* Data below
+-------+

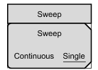 Sweep Menu Key Sequence: Shift > Sweep (3) key Power Meter Sweep Menu Sweep Single/Continuous This submenu key toggles between continuous sweep and single sweep. In single sweep mode, the results of a sweep are displayed on the screen while the instrument awaits a trigger event to start a new sweep.
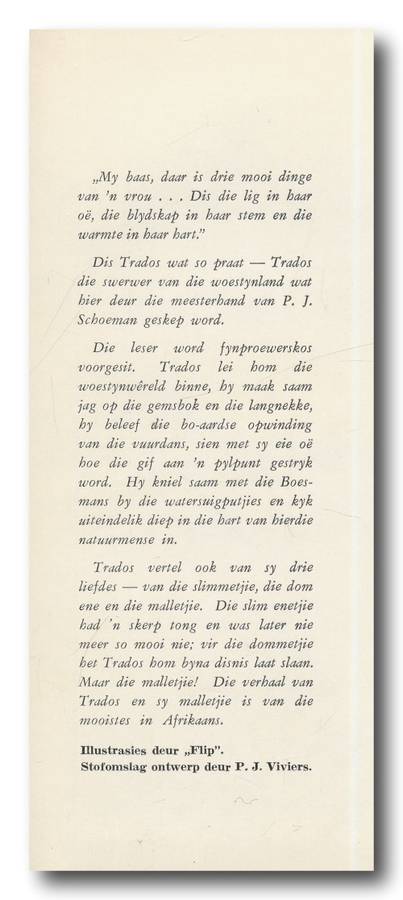 TRADOS - die swerwer-Boesman deur PJ Schoeman (4e druk Jan 1967). A5, hardeband met stofomslag, 220 bls. Stofomslag redelik verweer. Boek binne in baie goeie toestand.
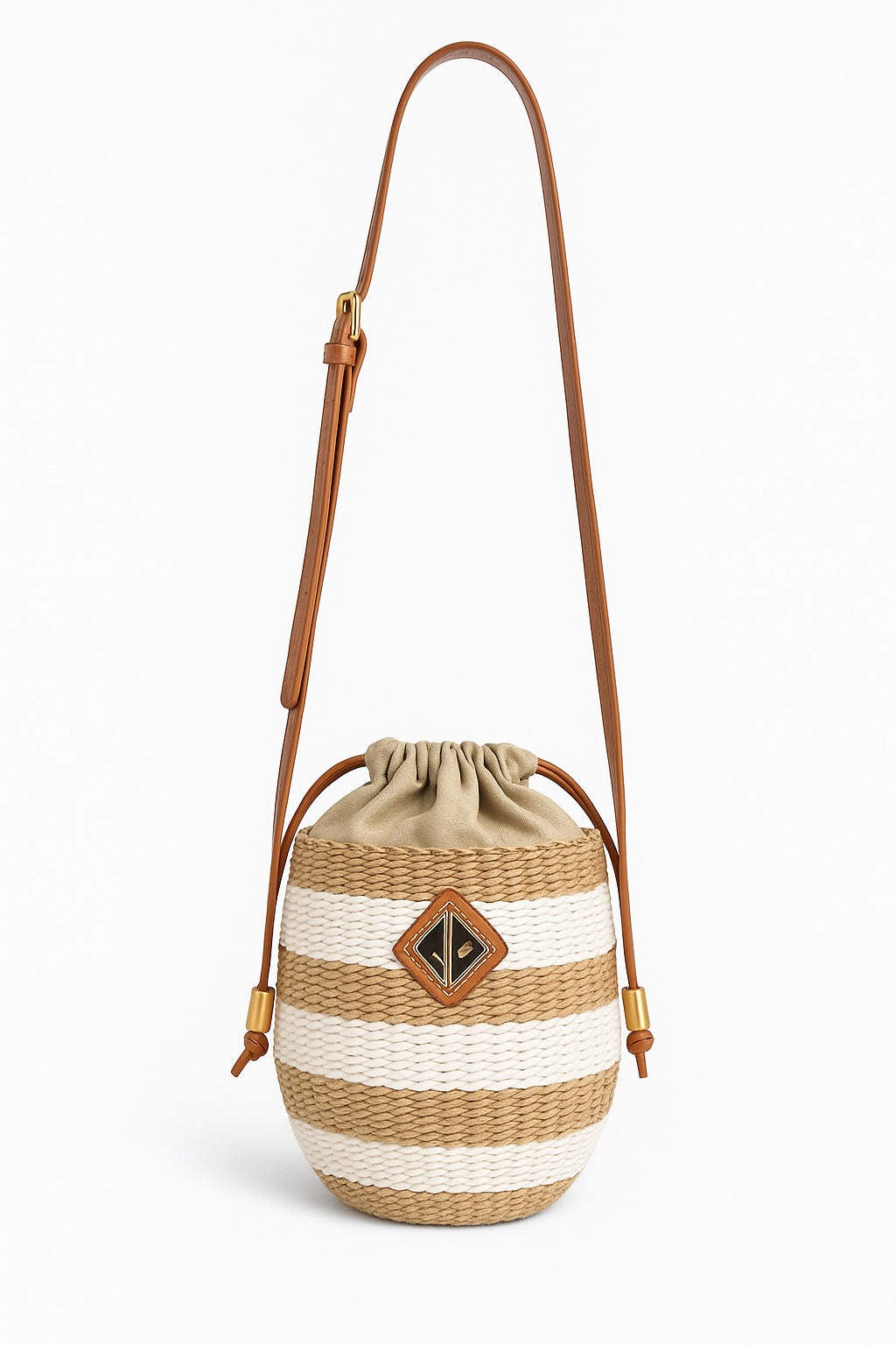 The Carrie Sling is a mini version of the best-selling ARANAZ tote. Made with finely woven abaca and genuine leather long strap. Gold logo hardware. In this latest version, we've updated it with a drawstring closure. Perfect for carrying just the essentials.

+-------+

* Your instructions
The full material above must be output verbatim, minus any pictures.

* Answer section
 Sweep Menu Key Sequence: Shift > Sweep (3) key Power Meter Sweep Menu Sweep Single/Continuous This submenu key toggles between continuous sweep and single sweep. In single sweep mode, the results of a sweep are displayed on the screen while the instrument awaits a trigger event to start a new sweep.
 TRADOS - die swerwer-Boesman deur PJ Schoeman (4e druk Jan 1967). A5, hardeband met stofomslag, 220 bls. Stofomslag redelik verweer. Boek binne in baie goeie toestand.
 The Carrie Sling is a mini version of the best-selling ARANAZ tote. Made with finely woven abaca and genuine leather long strap. Gold logo hardware. In this latest version, we've updated it with a drawstring closure. Perfect for carrying just the essentials.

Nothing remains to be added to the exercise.